On Tue, Mar 05, 2024 at 02:56:52PM -0800, Mike Tipton wrote:
> The icc_lock mutex was split into separate icc_lock and icc_bw_lock
> mutexes in [1] to avoid lockdep splats. However, this didn't adequately
> protect access to icc_node::req_list.
>
> The icc_set_bw() function will eventually iterate over req_list while
> only holding icc_bw_lock, but req_list can be modified while only
> holding icc_lock. This causes races between icc_set_bw(), of_icc_get(),
> and icc_put().
>
> Example A:
>
> CPU0 CPU1
> ---- ----
> icc_set_bw(path_a)
> mutex_lock(&icc_bw_lock);
> icc_put(path_b)
> mutex_lock(&icc_lock);
> aggregate_requests()
> hlist_for_each_entry(r, ...
> hlist_del(...
> <r = invalid pointer>
>
> Example B:
>
> CPU0 CPU1
> ---- ----
> icc_set_bw(path_a)
> mutex_lock(&icc_bw_lock);
> path_b = of_icc_get()
> of_icc_get_by_index()
> mutex_lock(&icc_lock);
> path_find()
> path_init()
> aggregate_requests()
> hlist_for_each_entry(r, ...
> hlist_add_head(...
> <r = invalid pointer>
>
> Fix this by ensuring icc_bw_lock is always held before manipulating
> icc_node::req_list. The additional places icc_bw_lock is held don't
> perform any memory allocations, so we should still be safe from the
> original lockdep splats that motivated the separate locks.
>
> [1] commit af42269c3523 ("interconnect: Fix locking for runpm vs reclaim")
>
> Signed-off-by: Mike Tipton <[email protected]>
> Fixes: af42269c3523 ("interconnect: Fix locking for runpm vs reclaim")
> ---
> drivers/interconnect/core.c | 8 ++++++++
> 1 file changed, 8 insertions(+)
>

Hi,

This is the friendly patch-bot of Greg Kroah-Hartman.
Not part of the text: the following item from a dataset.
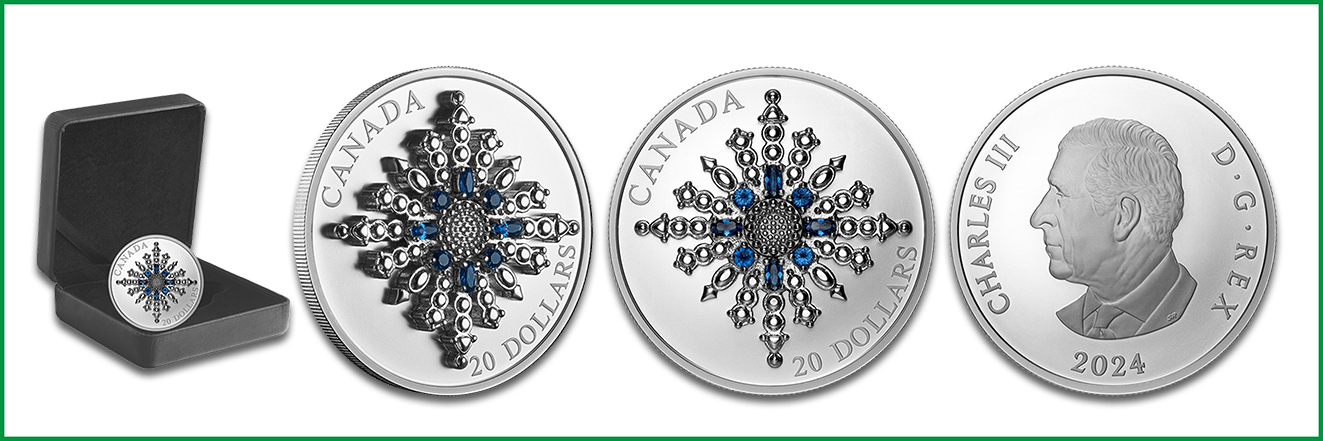 Mit dem Motiv »Sapphiere Jubilee Snowflake Brooch« startet die Royal Canadian Mint die neue Crown Jewels-Serie. Dabei handelt es sich um eine Münzreihe, welche die kostbaren Kronjuwelen des Commonwealth of Nations präsentiert. Die Erstausgabe ist der Brosche gewidmet, die Queen Elizabeth II. anlässlich ihres 65. Thronjubiläums durch das kanadische Volk überreicht wurde. Das Original zeigt eine mit Diamanten und Saphiren besetzte Schneeflocke als Symbol für die kanadische Arktis. Die Schmucksteine auf der Münze bestehen aus königsblauen Glassteinen und Gusselementen aus Rhodium. Das Grunddesign ist aus 999,9/1000 Silber auf einer Polierten Platte mit mattierter Oberfläche geprägt.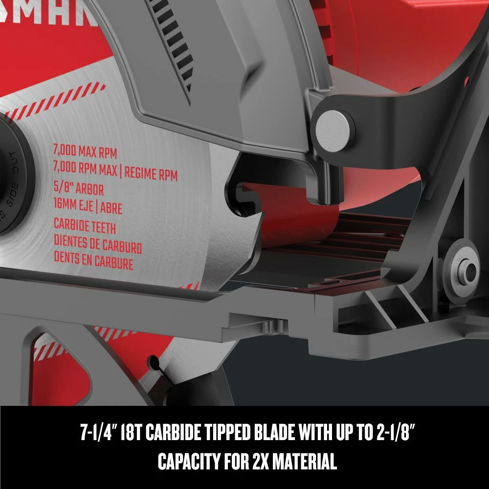 - 2X THE MATERIAL: 7-1/4-in 18T Carbide Tipped blade with up to 2-1/8-in capacity for 2x material

You have sent him
a patch that has triggered this response. He used to manually respond
to these common problems, but in order to save his sanity (he kept
writing the same thing over and over, yet to different people), I was
created. Hopefully you will not take offence and will fix the problem
in your patch and resubmit it so that it can be accepted into the Linux
kernel tree.

You are receiving this message because of the following common error(s)
as indicated below:

- You have marked a patch with a "Fixes:" tag for a commit that is in an
older released kernel, yet you do not have a cc: stable line in the
signed-off-by area at all, which means that the patch will not be
applied to any older kernel releases. To properly fix this, please
follow the documented rules in the
Documentation/process/stable-kernel-rules.rst file for how to resolve
this.

If you wish to discuss this problem further, or you have questions about
how to resolve this issue, please feel free to respond to this email and
Greg will reply once he has dug out from the pending patches received
from other developers.

thanks,

greg k-h's patch email bot